- [TO DO]
A faithful copy of the entries is required, with no images in it.

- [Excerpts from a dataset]

___

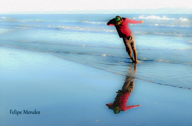 Pescador puxa o barco para a praia (Foto: Felipe Mendes)
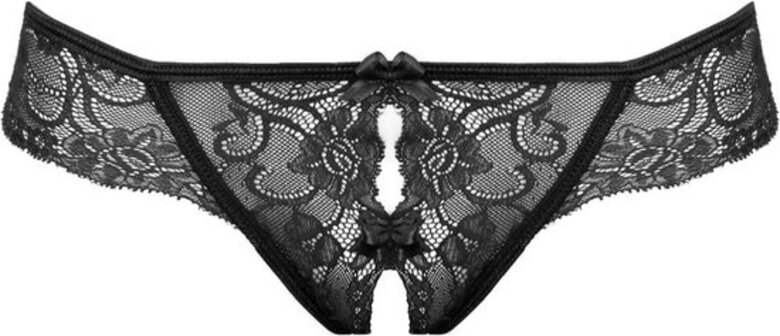 Kanten String Met Open Kruisje Marzia - Zwart - XL
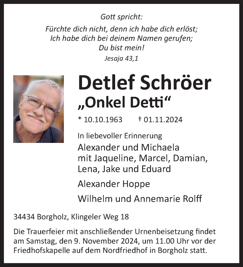 Hier finden Sie alle Traueranzeigen aus der Zeitung, die bisher für Detlef Schröer erschienen sind. Weitere Traueranzeigen, die in der Zeitung erscheinen, werden hier ebenfalls aufgelistet
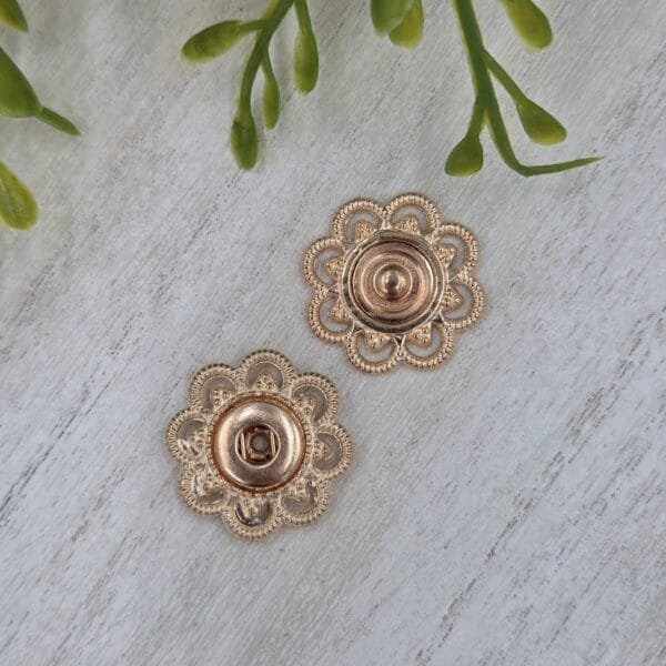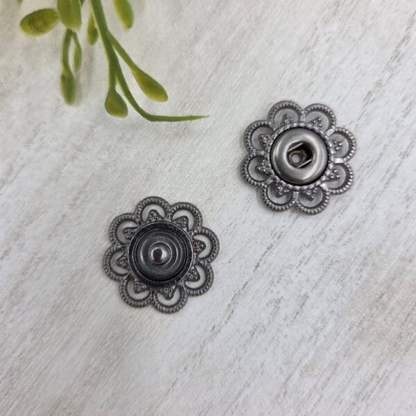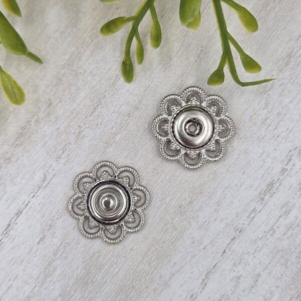 Stilingos ir tvirtos 2 cm skersmens prisiuvamos metalinės spaudės su prabangiais raižiniais. Puikiai tinka viršutiniams drabužiams, rankinėms bei odos dirbiniams kaip funkcionali ir estetiška detalė.
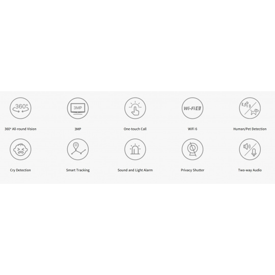 Vnitřní IP kamera s AI detekcí pohybu, WiFi 6, a 2K rozlišením 2304 x 1296 (3MP), zabezpečení WPA3-SAE, přenosem zvuku, rotace 360° horizontálně a 155° vertikálně, noční vidění s dosvitem 12 m, sledování S-Motion + S-tracking, vestavěný mikrofon, vestavěný reproduktor a siréna, cloud platforma, slot pro SD kartu max. 256 GB, detekce pláče, volání pomocí jednoho tlačítka, aplikace pro Android a iOS v češtině.
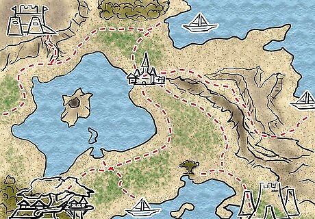 Decide how much interest and influence the region has with the rest of the world, if any, and how the rulers, ambassadors, and dignitaries go about achieving their goals. What interaction does the region have with its actual geographical neighbors? Are they a conquering empire or do they trade and interact peaceably? Are there old feuds or alliances? Could they care less about each other?Flesh out a Country or Region in Your Fantasy RPG World Step 6.jpg
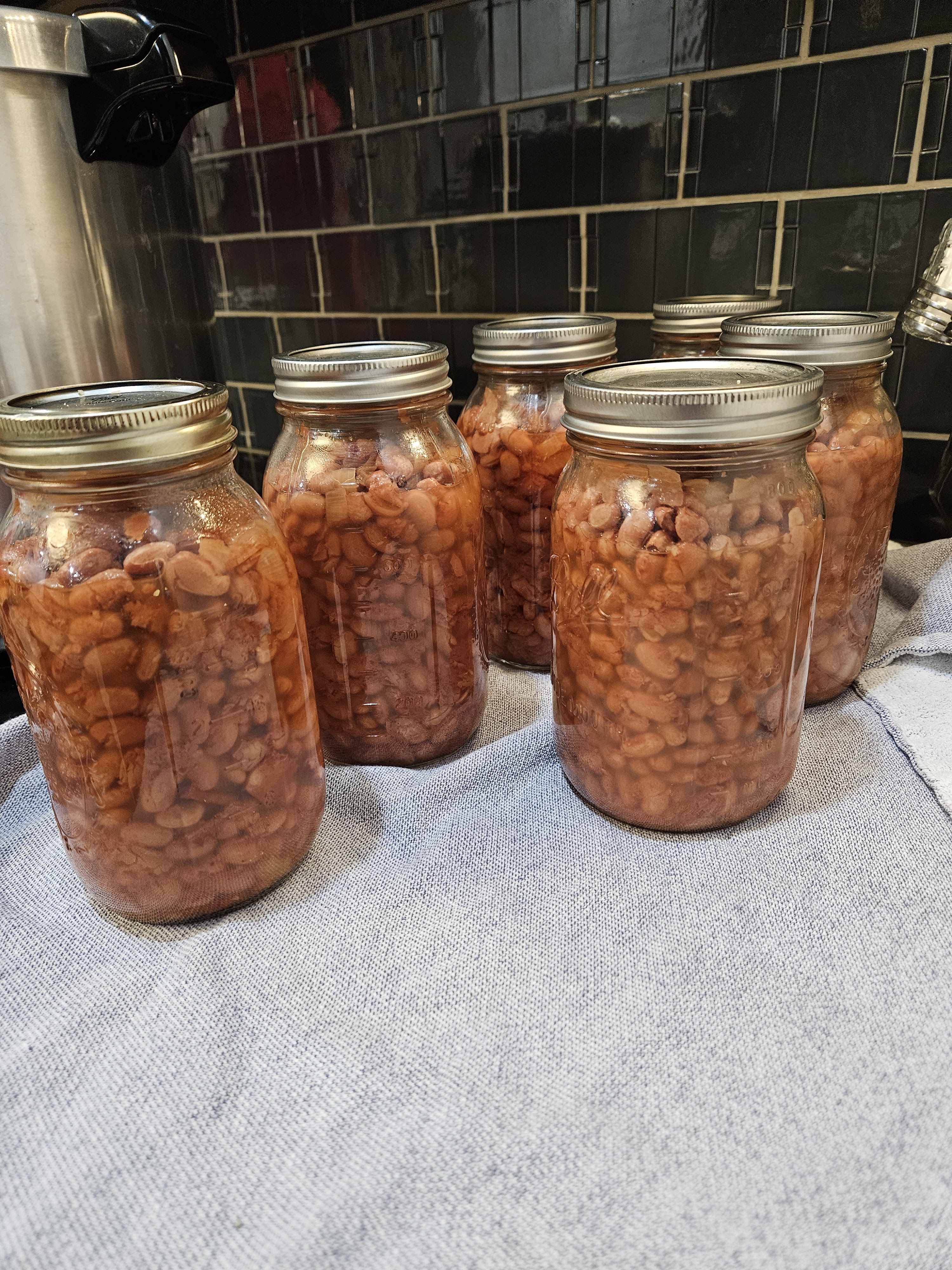 I brought the canner up to 10 lbs pressure and canned the beans for 90 minutes. I let the canner come back down to 0 pressure and removed the weight and the lid. I let the jars stand in the canner for about 30 minutes and then removed them to a beach towel covered counter. I let them sit overnight.
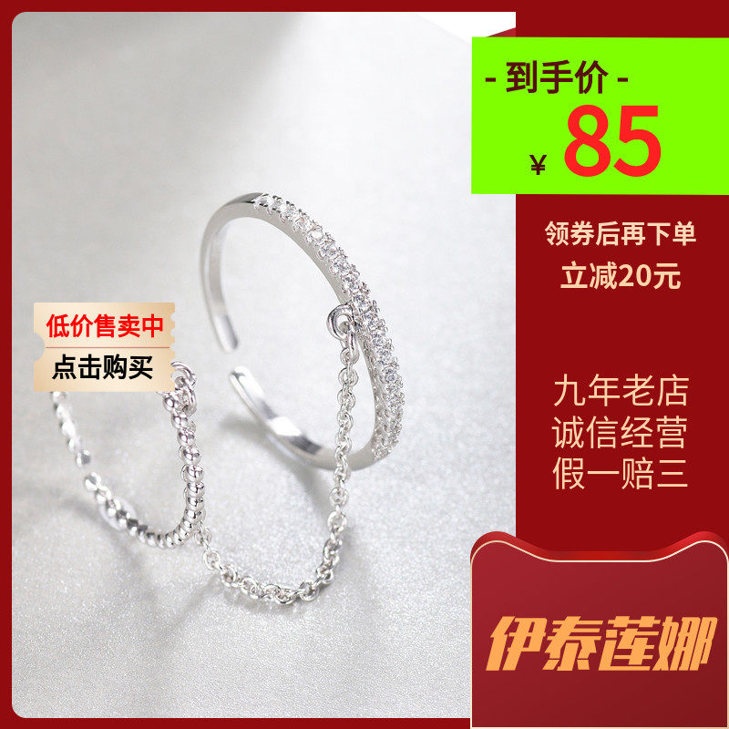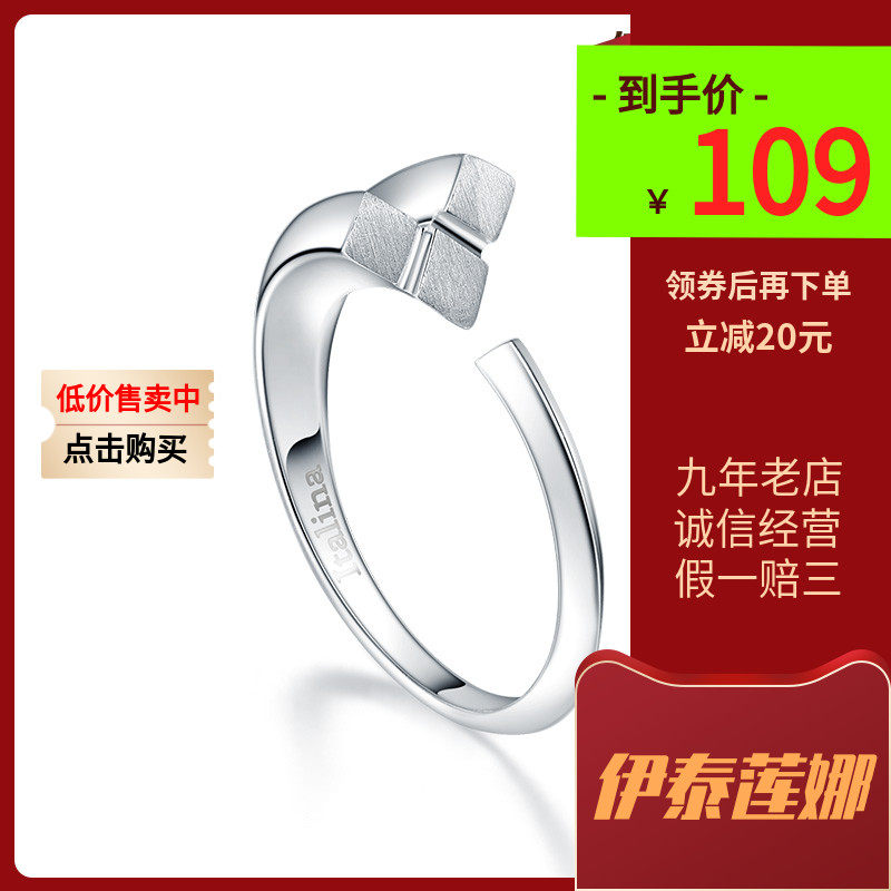 【礼盒包装】伊泰莲娜S925银开口戒指印心情侣对戒可调节大小男女
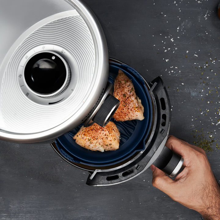 Ideel til daglig madlavning, denne silikoneform passer perfekt ind i mindre køkkener med dens pladsbesparende design. Brug den til at tilberede alt fra sprøde grøntsager til saftig kylling i din airfryer.
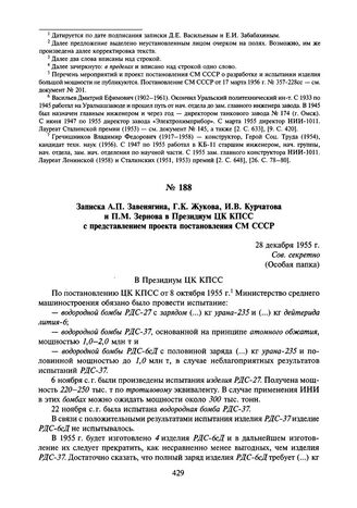 Записка А.П. Завенягина, Г.К. Жукова, И.В. Курчатова и П.М. Зернова в Президиум ЦК КПСС с представлением проекта постановления СМ СССР. 28 декабря 1955 г. // Архив Росатома. Ф. 24, оп. 18, д. 29, л. 149-156. Заверенная копия.
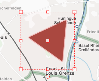 Durch Klick in die Karte und Mausbewegung (ohne Klick) wird die Form erstellt. Die Form kann dabei beliebig gross gezogen und gedreht werden. Ein weiterer Klick in die Karte platziert die Form am gewählten Ort.
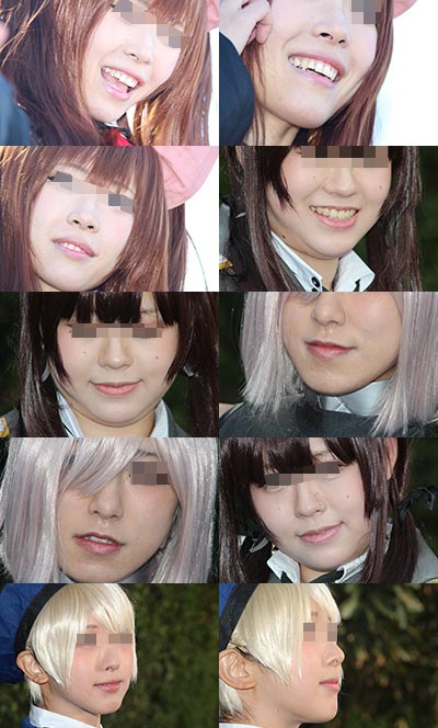 コスプレイヤーの皆さんの顔面に寄ってみました。 肌の質感や、歯茎、鼻の穴など、フェチ要素たっぷりとなっております。 枚数106枚
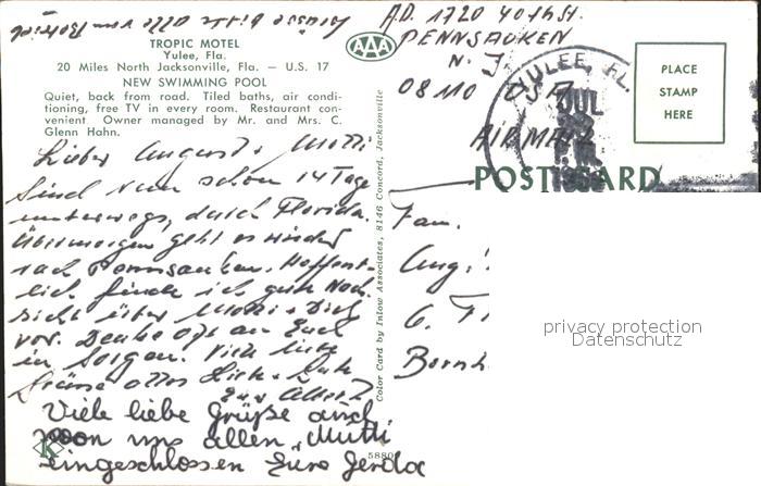 71953294 old postcard Yulee Tropic Motel postalisch gelaufen Erhaltung siehe scans KatCode: 14140110000000

___

- [RESPONSE BOX]
 Pescador puxa o barco para a praia (Foto: Felipe Mendes)
 Kanten String Met Open Kruisje Marzia - Zwart - XL
 Hier finden Sie alle Traueranzeigen aus der Zeitung, die bisher für Detlef Schröer erschienen sind. Weitere Traueranzeigen, die in der Zeitung erscheinen, werden hier ebenfalls aufgelistet
 Stilingos ir tvirtos 2 cm skersmens prisiuvamos metalinės spaudės su prabangiais raižiniais. Puikiai tinka viršutiniams drabužiams, rankinėms bei odos dirbiniams kaip funkcionali ir estetiška detalė.
 Vnitřní IP kamera s AI detekcí pohybu, WiFi 6, a 2K rozlišením 2304 x 1296 (3MP), zabezpečení WPA3-SAE, přenosem zvuku, rotace 360° horizontálně a 155° vertikálně, noční vidění s dosvitem 12 m, sledování S-Motion + S-tracking, vestavěný mikrofon, vestavěný reproduktor a siréna, cloud platforma, slot pro SD kartu max. 256 GB, detekce pláče, volání pomocí jednoho tlačítka, aplikace pro Android a iOS v češtině.
 Decide how much interest and influence the region has with the rest of the world, if any, and how the rulers, ambassadors, and dignitaries go about achieving their goals. What interaction does the region have with its actual geographical neighbors? Are they a conquering empire or do they trade and interact peaceably? Are there old feuds or alliances? Could they care less about each other?Flesh out a Country or Region in Your Fantasy RPG World Step 6.jpg
 I brought the canner up to 10 lbs pressure and canned the beans for 90 minutes. I let the canner come back down to 0 pressure and removed the weight and the lid. I let the jars stand in the canner for about 30 minutes and then removed them to a beach towel covered counter. I let them sit overnight.
 【礼盒包装】伊泰莲娜S925银开口戒指印心情侣对戒可调节大小男女
 Ideel til daglig madlavning, denne silikoneform passer perfekt ind i mindre køkkener med dens pladsbesparende design. Brug den til at tilberede alt fra sprøde grøntsager til saftig kylling i din airfryer.
 Записка А.П. Завенягина, Г.К. Жукова, И.В. Курчатова и П.М. Зернова в Президиум ЦК КПСС с представлением проекта постановления СМ СССР. 28 декабря 1955 г. // Архив Росатома. Ф. 24, оп. 18, д. 29, л. 149-156. Заверенная копия.
 Durch Klick in die Karte und Mausbewegung (ohne Klick) wird die Form erstellt. Die Form kann dabei beliebig gross gezogen und gedreht werden. Ein weiterer Klick in die Karte platziert die Form am gewählten Ort.
 コスプレイヤーの皆さんの顔面に寄ってみました。 肌の質感や、歯茎、鼻の穴など、フェチ要素たっぷりとなっております。 枚数106枚
 71953294 old postcard Yulee Tropic Motel postalisch gelaufen Erhaltung siehe scans KatCode: 14140110000000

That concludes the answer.